# Source data
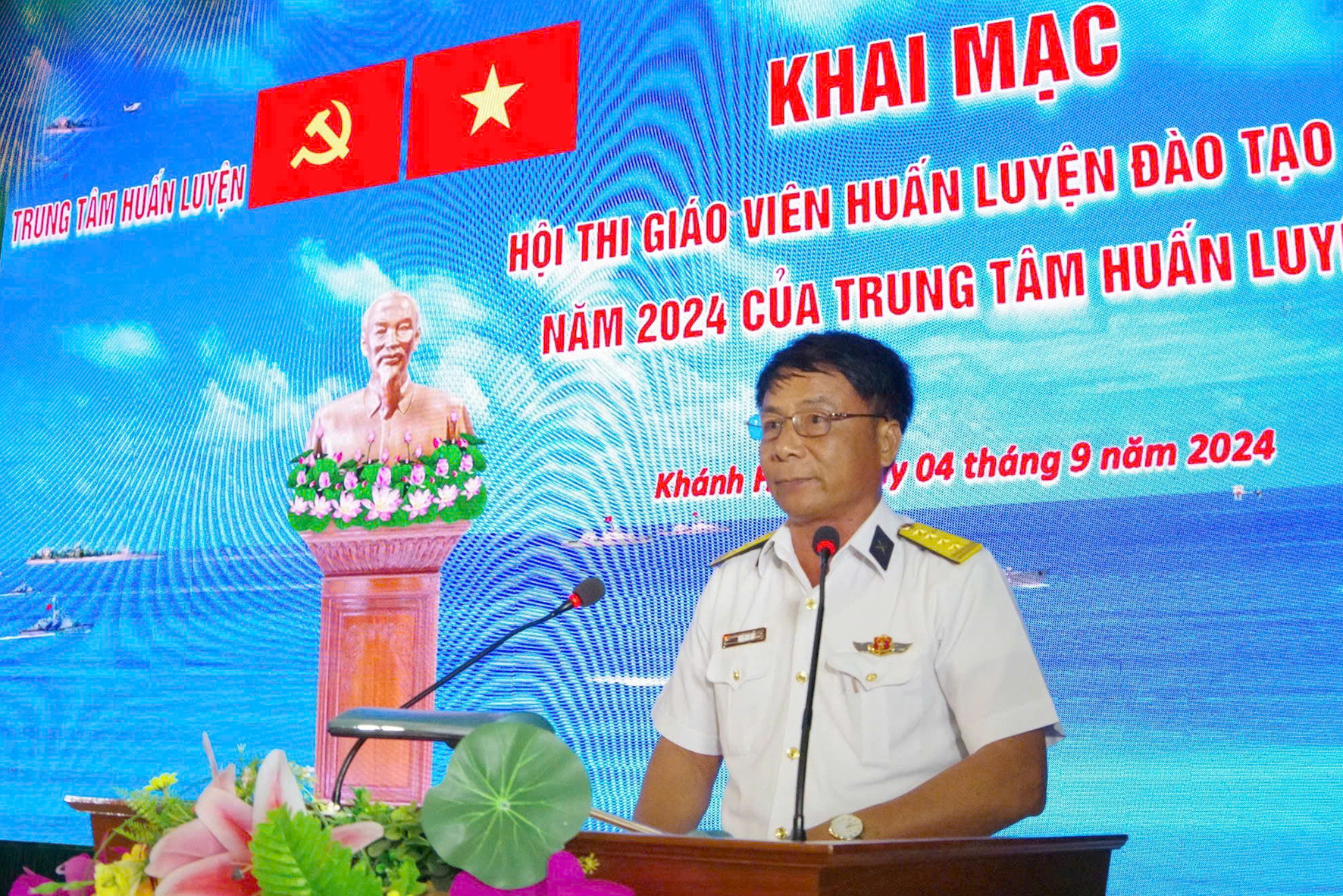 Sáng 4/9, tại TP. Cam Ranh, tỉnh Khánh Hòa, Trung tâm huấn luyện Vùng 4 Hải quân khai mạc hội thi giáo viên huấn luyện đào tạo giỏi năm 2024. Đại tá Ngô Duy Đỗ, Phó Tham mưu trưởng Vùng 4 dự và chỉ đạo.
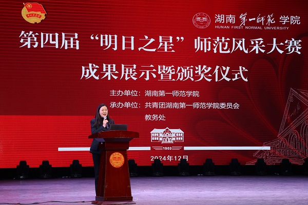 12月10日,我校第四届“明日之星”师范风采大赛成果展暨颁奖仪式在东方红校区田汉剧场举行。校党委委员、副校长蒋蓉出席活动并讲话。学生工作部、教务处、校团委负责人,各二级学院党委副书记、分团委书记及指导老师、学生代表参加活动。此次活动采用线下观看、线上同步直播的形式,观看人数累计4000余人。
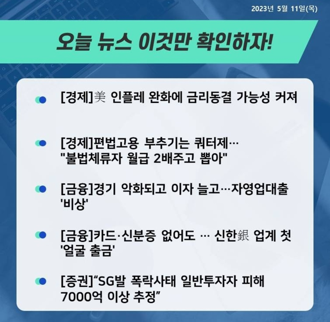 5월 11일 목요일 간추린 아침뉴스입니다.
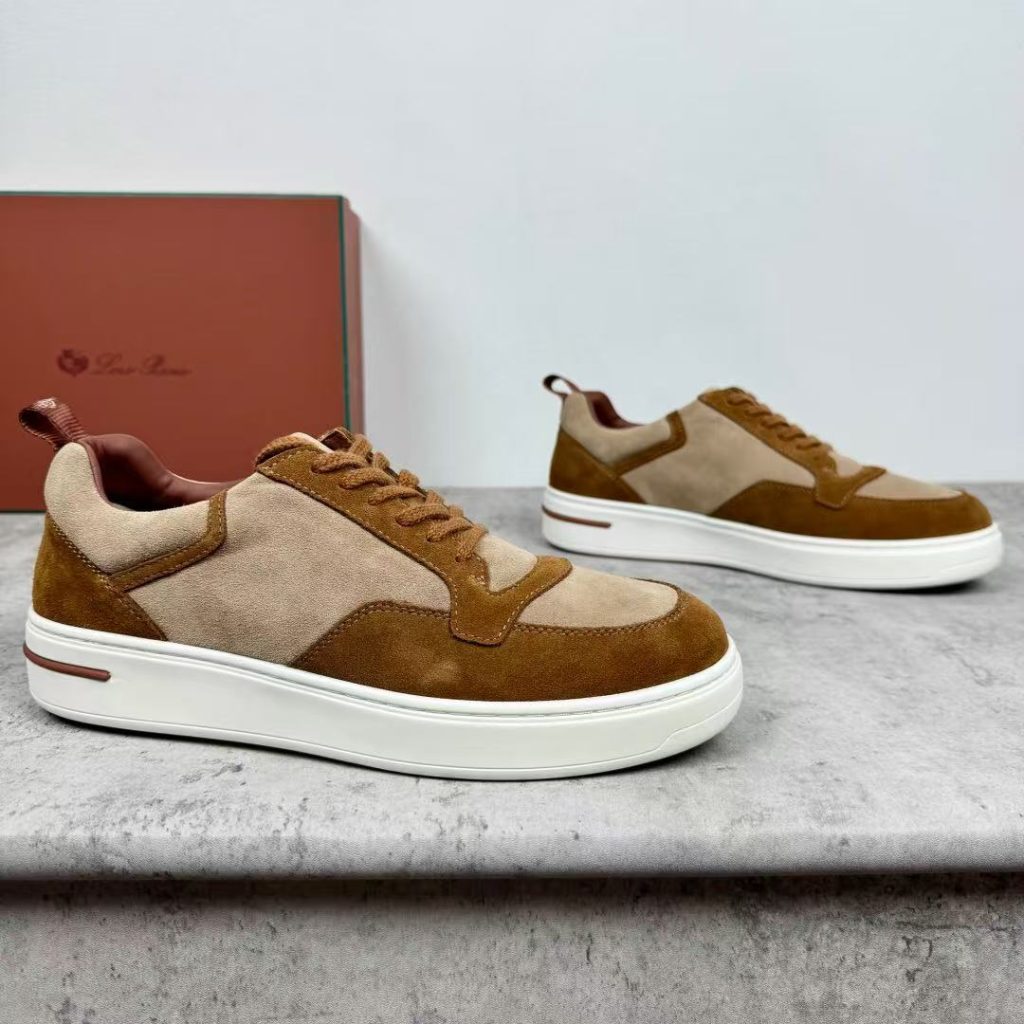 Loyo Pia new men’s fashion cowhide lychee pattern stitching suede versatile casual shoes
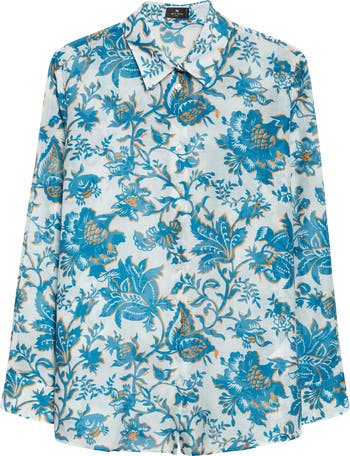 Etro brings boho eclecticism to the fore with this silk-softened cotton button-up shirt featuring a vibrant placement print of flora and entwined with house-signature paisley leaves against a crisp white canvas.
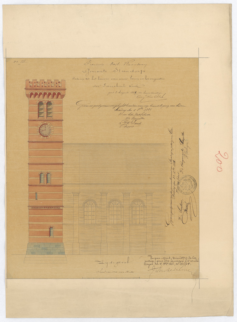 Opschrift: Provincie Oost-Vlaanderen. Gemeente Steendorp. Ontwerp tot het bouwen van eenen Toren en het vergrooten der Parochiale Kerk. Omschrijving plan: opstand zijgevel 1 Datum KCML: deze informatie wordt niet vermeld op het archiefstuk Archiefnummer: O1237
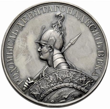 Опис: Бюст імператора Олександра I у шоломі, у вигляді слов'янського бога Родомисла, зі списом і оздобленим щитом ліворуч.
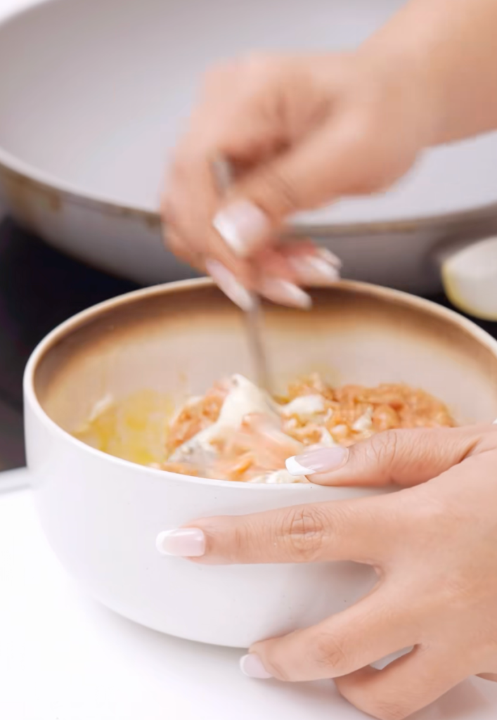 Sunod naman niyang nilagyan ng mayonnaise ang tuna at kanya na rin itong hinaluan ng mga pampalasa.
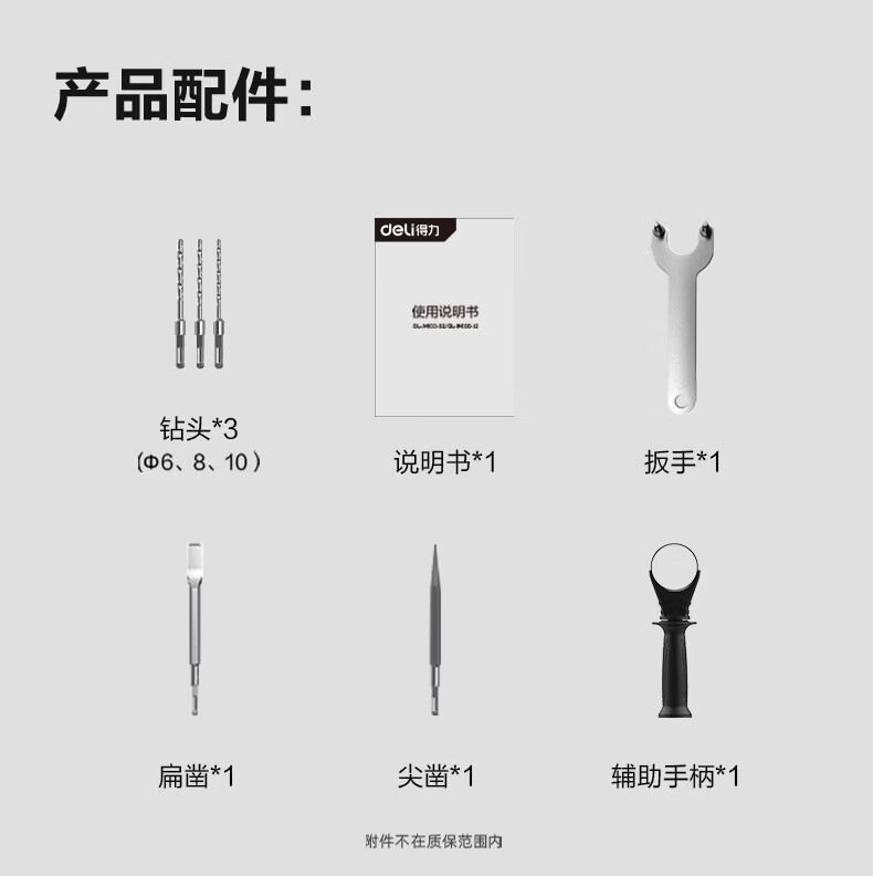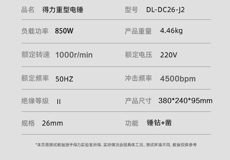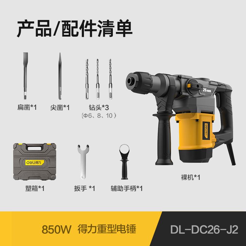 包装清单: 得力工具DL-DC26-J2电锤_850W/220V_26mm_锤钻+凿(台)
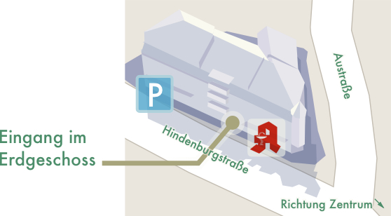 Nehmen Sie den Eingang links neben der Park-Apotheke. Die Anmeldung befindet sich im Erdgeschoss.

# Exercise aim
Reproduce each entry precisely. Leave the pictures out.

# Solution to this exercise
 Sáng 4/9, tại TP. Cam Ranh, tỉnh Khánh Hòa, Trung tâm huấn luyện Vùng 4 Hải quân khai mạc hội thi giáo viên huấn luyện đào tạo giỏi năm 2024. Đại tá Ngô Duy Đỗ, Phó Tham mưu trưởng Vùng 4 dự và chỉ đạo.
 12月10日,我校第四届“明日之星”师范风采大赛成果展暨颁奖仪式在东方红校区田汉剧场举行。校党委委员、副校长蒋蓉出席活动并讲话。学生工作部、教务处、校团委负责人,各二级学院党委副书记、分团委书记及指导老师、学生代表参加活动。此次活动采用线下观看、线上同步直播的形式,观看人数累计4000余人。
 5월 11일 목요일 간추린 아침뉴스입니다.
 Loyo Pia new men’s fashion cowhide lychee pattern stitching suede versatile casual shoes
 Etro brings boho eclecticism to the fore with this silk-softened cotton button-up shirt featuring a vibrant placement print of flora and entwined with house-signature paisley leaves against a crisp white canvas.
 Opschrift: Provincie Oost-Vlaanderen. Gemeente Steendorp. Ontwerp tot het bouwen van eenen Toren en het vergrooten der Parochiale Kerk. Omschrijving plan: opstand zijgevel 1 Datum KCML: deze informatie wordt niet vermeld op het archiefstuk Archiefnummer: O1237
 Опис: Бюст імператора Олександра I у шоломі, у вигляді слов'янського бога Родомисла, зі списом і оздобленим щитом ліворуч.
 Sunod naman niyang nilagyan ng mayonnaise ang tuna at kanya na rin itong hinaluan ng mga pampalasa.
 包装清单: 得力工具DL-DC26-J2电锤_850W/220V_26mm_锤钻+凿(台)
 Nehmen Sie den Eingang links neben der Park-Apotheke. Die Anmeldung befindet sich im Erdgeschoss.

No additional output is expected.